About this task: Please write out only the lines from the line with "Bolso manos libres" to the line with "- Brighten up", inclusive, exactly as they stand below, without the pictures.

Material provided:
+-------+

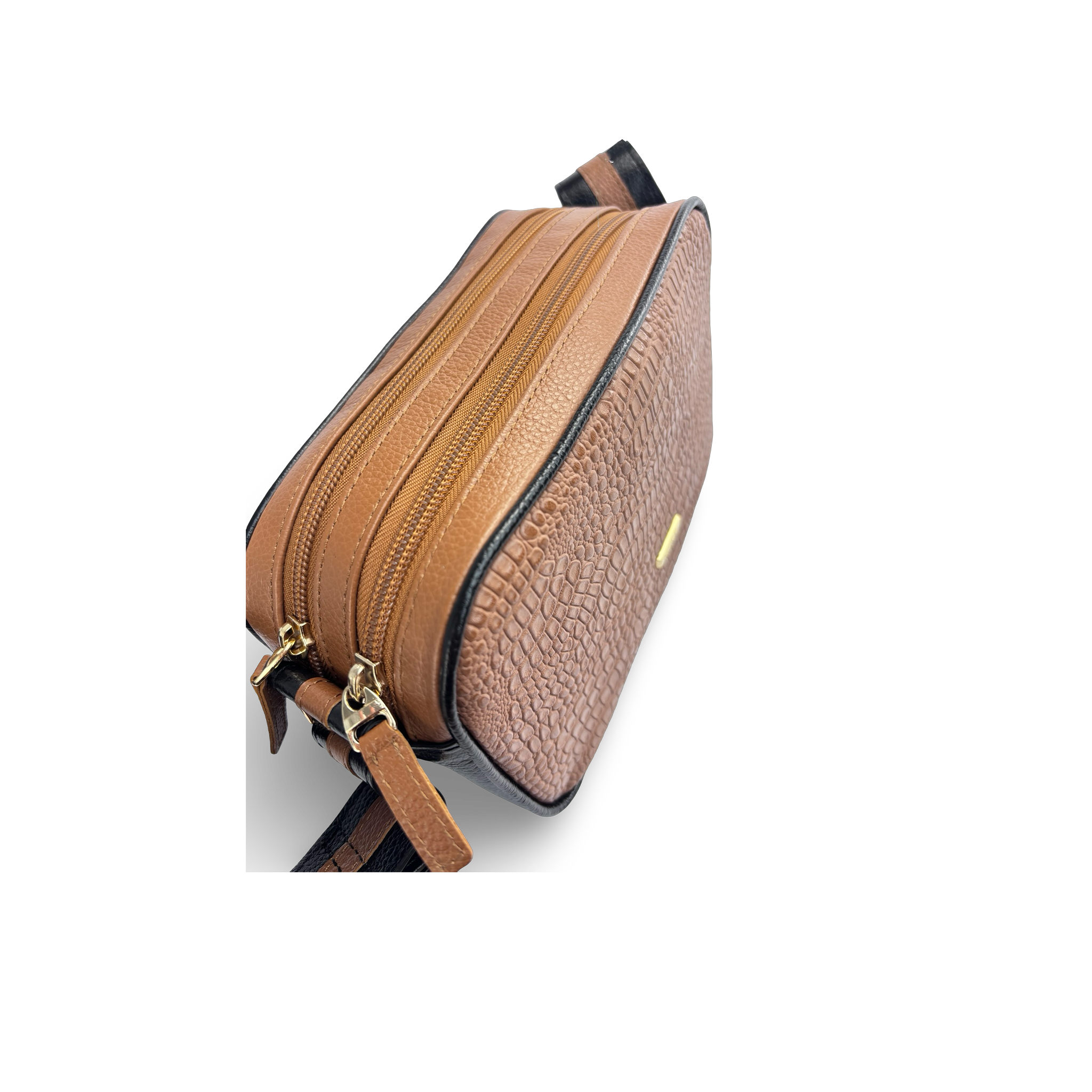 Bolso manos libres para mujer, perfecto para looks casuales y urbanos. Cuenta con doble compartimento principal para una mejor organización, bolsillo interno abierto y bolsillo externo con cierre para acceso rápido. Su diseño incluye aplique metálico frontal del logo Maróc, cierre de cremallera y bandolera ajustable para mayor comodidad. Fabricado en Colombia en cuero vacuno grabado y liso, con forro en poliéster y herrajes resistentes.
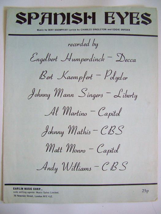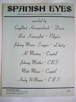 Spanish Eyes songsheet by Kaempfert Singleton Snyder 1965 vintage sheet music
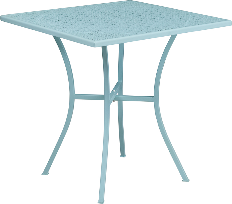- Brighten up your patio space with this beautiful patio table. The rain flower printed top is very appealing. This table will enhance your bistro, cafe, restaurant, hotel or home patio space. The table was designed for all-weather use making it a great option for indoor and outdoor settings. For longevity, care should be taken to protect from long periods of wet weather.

+-------+

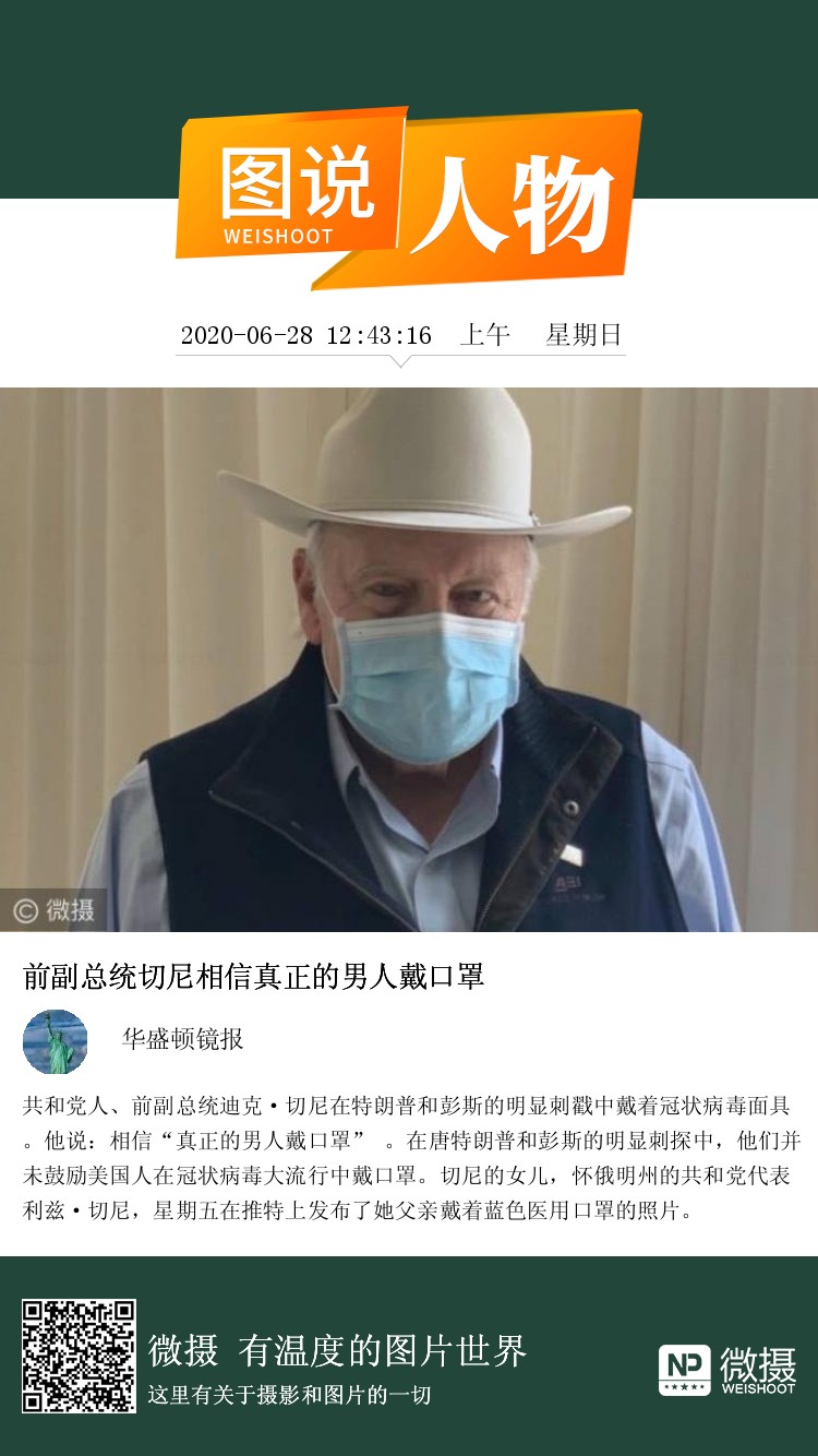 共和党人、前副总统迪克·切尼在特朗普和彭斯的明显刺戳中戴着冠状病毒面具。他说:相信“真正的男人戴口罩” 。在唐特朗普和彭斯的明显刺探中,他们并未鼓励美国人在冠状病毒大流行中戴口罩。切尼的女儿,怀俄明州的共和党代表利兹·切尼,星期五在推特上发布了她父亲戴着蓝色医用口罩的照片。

+-------+

Task answer:
 Bolso manos libres para mujer, perfecto para looks casuales y urbanos. Cuenta con doble compartimento principal para una mejor organización, bolsillo interno abierto y bolsillo externo con cierre para acceso rápido. Su diseño incluye aplique metálico frontal del logo Maróc, cierre de cremallera y bandolera ajustable para mayor comodidad. Fabricado en Colombia en cuero vacuno grabado y liso, con forro en poliéster y herrajes resistentes.
 Spanish Eyes songsheet by Kaempfert Singleton Snyder 1965 vintage sheet music
- Brighten up your patio space with this beautiful patio table. The rain flower printed top is very appealing. This table will enhance your bistro, cafe, restaurant, hotel or home patio space. The table was designed for all-weather use making it a great option for indoor and outdoor settings. For longevity, care should be taken to protect from long periods of wet weather.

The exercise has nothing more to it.